The Price to Earnings or PE ratio is a widely used valuation ratio. You would quite often hear people saying for instance, that ABC stock is cheap because it is at 10 x PE or XYZ stock is expensive as it is quoting at 20 x PE. But can someone, by just looking at the PE ratio, determine whether a stock is cheap or expensive?
Let’s look at a real-life example. In March 2003, Stock A was quoting at ~7 x PE while Stock B was quoting at ~21 x PE. Today, Stock A is down 85% from its March 2003 price, while Stock B is up by more than 20 x (~21% CAGR).
Stock A in the example above is MTNL while Stock B is Nestle India. While, obviously, the stocks selected are with significant hindsight bias, the point is – a stock may not be cheap at 7 x PE and at the same time a stock may not be expensive at 20 x PE. There is a lot of information in a PE ratio that the market is trying to convey.

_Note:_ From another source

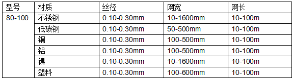 1. 型号80-100,即100mm宽度的丝网上有80个眼孔

The value of a business is the discounted value of all the free cash flow that the business can generate in the future. Let’s say, when XYZ stock is quoting at 20 x PE vs. 10 x PE for the company ABC, essentially you would be paying more for the future of XYZ than of ABC. When the stock is quoting at a given PE valuation, the market is inherently making certain assumptions about the future of the business.
What Is the Market Thinking or Indicating Through the Pricing of the Stock?
For a stock quoting at a low PE ratio, the market is concerned about one of the following:
- Low growth industry, limited scalability: If the business has limited growth potential or the industry in which it operates does not offer enough scalability, the future might not hold significant value.
- No competitive advantage and at the mercy of the competition: If the company does not have a competitive advantage, the future visibility in terms of scalability and profitability of the business is clouded. As competition can severely impact future earning potential.
- Corporate governance issue: As an investor, we are minority shareholders in a business. If history shows that the majority/promoter shareholder is not being fair to the minority shareholders by – siphoning out money from the business through related party transactions or other means, then even though the future of the business might have great value, but the same might not flow down equally to the minority shareholders. Also, if the past track record of the management shows frequent poor capital allocation through unwarranted diversification or expensive acquisitions, there would be difficulty in assigning value to future cash flows, as you would not know how the money would be deployed.
- Technology or regulatory change: If there is a technology or regulatory change that is likely to affect the future of the business, the current low PE could in effect be reflecting this future structural change. Such businesses available at attractive PEs are the biggest value traps. E.g. MTNL in India, Kodak in the US.
For a stock quoting at a high PE ratio, the market is indicating all of the following (These are mostly reverse of above):
- High growth or very long visibility of growth: The earnings are expected to grow rapidly or there is very high long term visibility of reasonable growth. The overall market opportunity could be big which could provide scalability potential.
- Competitive advantage: The company has a competitive advantage which should help it sustain its scale and profitability and grow with or above industry rate.
- No doubts on capital allocation and corporate governance: The majority/promoter shareholder is fair with the minority and there has been no past record of poor capital allocation, which raises concerns about future capital allocation.
- The market does not perceive any technology or regulatory threat to scalability or profitability of the business.
Note the words underscored in the above points. For a low PE, the stock market might be concerned about any one of the points, while for a high PE the stock market is essentially indicating that it is confident about all the points mentioned.
If we disagree with the market’s assessment on the above points, we have an opportunity. If as an investor, we are able to find a low PE stock which does not have any of the concerns mentioned above, it could be a mispriced stock and could provide an opportunity.
At the same time, if a high PE stock has any issues with the above points, it should raise red flags for an investor. The PE ratio is an indicator that gives us information about the market’s perception of the business. We need to dig deeper to assess before agreeing or disagreeing with the market’s perception of value, rather than just looking at a headline PE ratio to say if the stock is cheap or expensive.
While above blog focused on what the market is assuming about an individual stock based on its PE ratio, we have discussed how overall market valuation affects returns for an investor in this blog recently.
Note: There could be points beyond the ones discussed above which could lead to market pricing stocks at Low/High PE. For example – earnings could be suppressed or extraordinarily high due to the cyclicality of the business, extraordinary expenses/income. But if you would look beyond the cyclicality factor by looking at normalised earnings and after excluding the extraordinary items, the above points should hold. Sometimes, the market is not looking at earnings or the future earning potential of the business but it’s assigning value to assets that the business is holding. In such cases, the PE at which the stock is quoting might not suggest anything.